## Dataset section
————
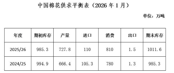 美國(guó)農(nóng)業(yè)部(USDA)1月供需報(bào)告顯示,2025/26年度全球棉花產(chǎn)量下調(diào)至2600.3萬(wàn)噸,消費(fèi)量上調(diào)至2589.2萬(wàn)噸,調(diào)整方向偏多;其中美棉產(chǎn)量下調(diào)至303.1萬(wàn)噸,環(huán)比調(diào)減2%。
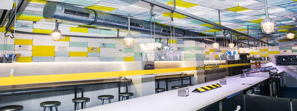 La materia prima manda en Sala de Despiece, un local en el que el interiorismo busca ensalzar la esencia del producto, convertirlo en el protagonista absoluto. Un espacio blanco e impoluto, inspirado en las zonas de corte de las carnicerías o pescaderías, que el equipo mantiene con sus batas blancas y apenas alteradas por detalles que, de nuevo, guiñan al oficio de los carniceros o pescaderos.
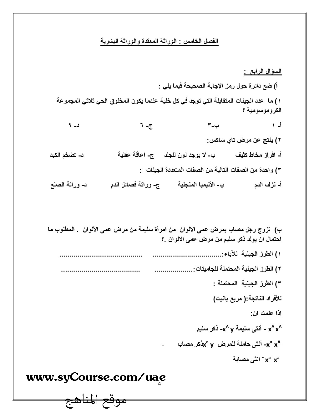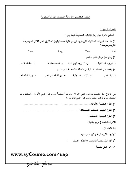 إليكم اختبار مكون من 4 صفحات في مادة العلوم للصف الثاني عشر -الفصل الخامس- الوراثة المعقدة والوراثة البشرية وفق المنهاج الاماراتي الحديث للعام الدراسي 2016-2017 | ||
————
## Task objective
What is needed is a word-for-word copy of the data above, free of any images.

## Answer for the task
 美國(guó)農(nóng)業(yè)部(USDA)1月供需報(bào)告顯示,2025/26年度全球棉花產(chǎn)量下調(diào)至2600.3萬(wàn)噸,消費(fèi)量上調(diào)至2589.2萬(wàn)噸,調(diào)整方向偏多;其中美棉產(chǎn)量下調(diào)至303.1萬(wàn)噸,環(huán)比調(diào)減2%。
 La materia prima manda en Sala de Despiece, un local en el que el interiorismo busca ensalzar la esencia del producto, convertirlo en el protagonista absoluto. Un espacio blanco e impoluto, inspirado en las zonas de corte de las carnicerías o pescaderías, que el equipo mantiene con sus batas blancas y apenas alteradas por detalles que, de nuevo, guiñan al oficio de los carniceros o pescaderos.
 إليكم اختبار مكون من 4 صفحات في مادة العلوم للصف الثاني عشر -الفصل الخامس- الوراثة المعقدة والوراثة البشرية وفق المنهاج الاماراتي الحديث للعام الدراسي 2016-2017 | ||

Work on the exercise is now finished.